After pressing some more, the truth came out. My child had found it and wanted
it and took it.
My laundry was then interrupted to have a lesson about what
the Bible says about wanting and taking and stealing and lying and what our
hearts need to be focused on and forgiveness. In the end my child wrote a
letter to the person who was missing an object, admitting what had been done,
acknowledging it was not the right thing to do, apologizing and promising it
wouldn’t happen again. The object was returned in the letter.
And then my child did a pretty amazing thing (in my humble
opinion, anyway). My child admitted to doing something similar and wanted to
fix that situation too, instead of leaving it as a “wrong-doing.” Another
letter was written, admitting what had been done, acknowledging it was not the
right thing to do, apologizing and promising it wouldn’t happen again. And of
course, the object was returned in the letter.
And then I gave my child a big hug. I said I had been so
disappointed in the decisions that were made to do wrong, but now it all seemed
to be turned around. Now I was proud of the recognition of the wrong and the
want—the need—to fix it and make things right again.
My husband, watching the whole thing, later told me that he
liked how I handled it. He said that for most people an insignificant object
like the one found in my child’s pants pockets probably would have been
tossed aside by most. He said he appreciated how I took an opportunity to take the “little”
sins and even try to teach the good in those—the ones that are often just
overlooked. I said I was just hoping that our kids would turn out to love,
respect and serve God for the rest of their lives, and that I hoped I was
teaching it well enough. Because to be honest, I was kind of crushed. I didn’t
want to be that mom having the stealing and lying talk with my child that
night. I would have much rather been the one celebrating the good things: the
accomplishments, the achievements, the triumphs.

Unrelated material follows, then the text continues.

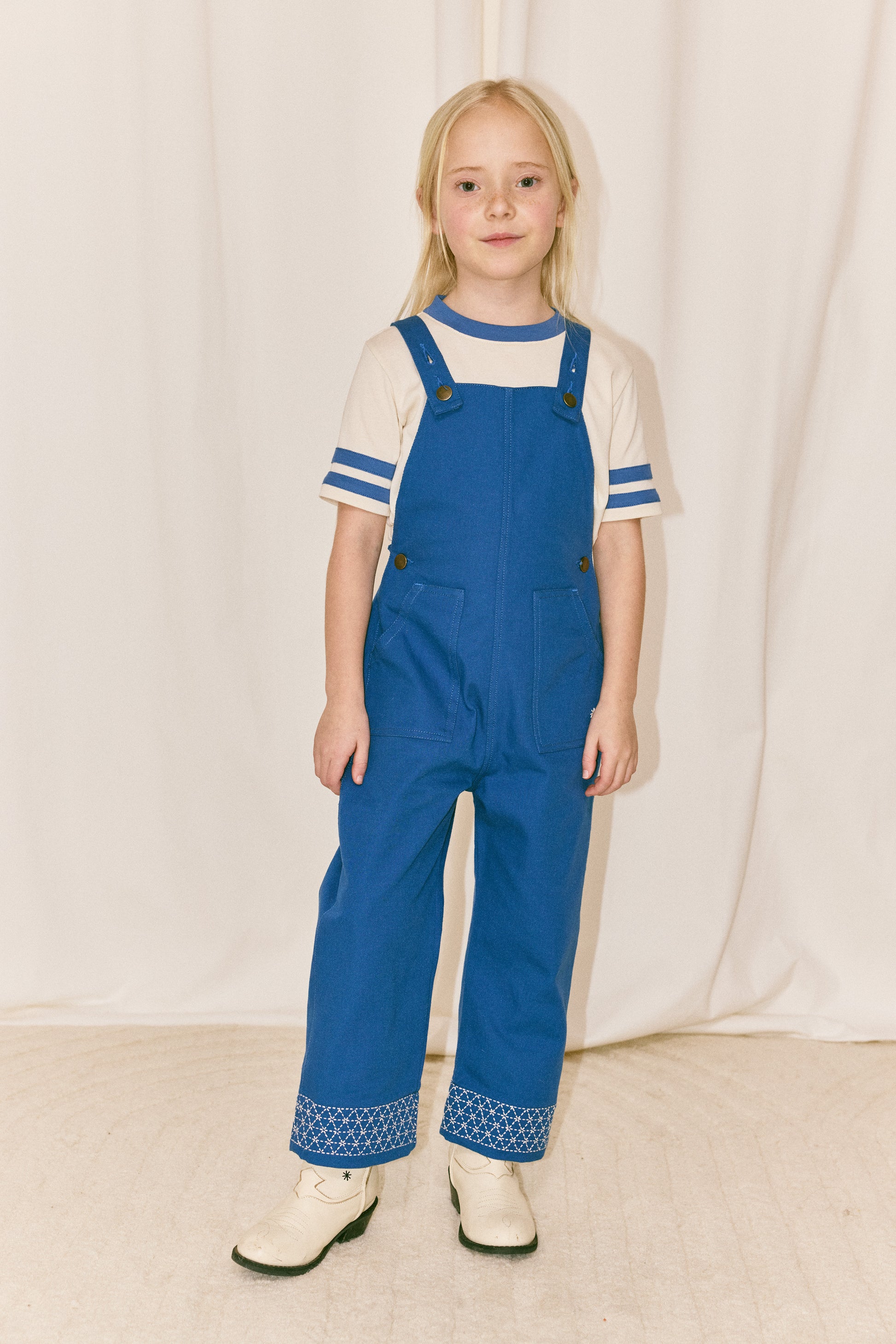Our denim is 100% cotton, with thoughtful touches like contrast topstitching, hand-tacked embroidery instead of rivets for softness, and adjustable waistbands and straps for long wear and the perfect fit. Our denim has no stretch — yet has a naturally soft hand-feel and is effortlessly versatile.

Maybe God needed to remind me what my job was as a mom,
because the next morning, my other child came out of the room with a little
paper she had been working on.
Oh, did my heart want to burst! So we typed it out, added a
clip art and made it pretty to hang up and be a reminder. And now if I walk
into the child’s room, I get to see this reminder too. . .that those crushing
moments are teachable moments. . .and I better make the most of them. I guess
I’m just going to keep hoping that in whatever I come across, I will be
teaching our kids to love, respect and serve God for the rest of their lives.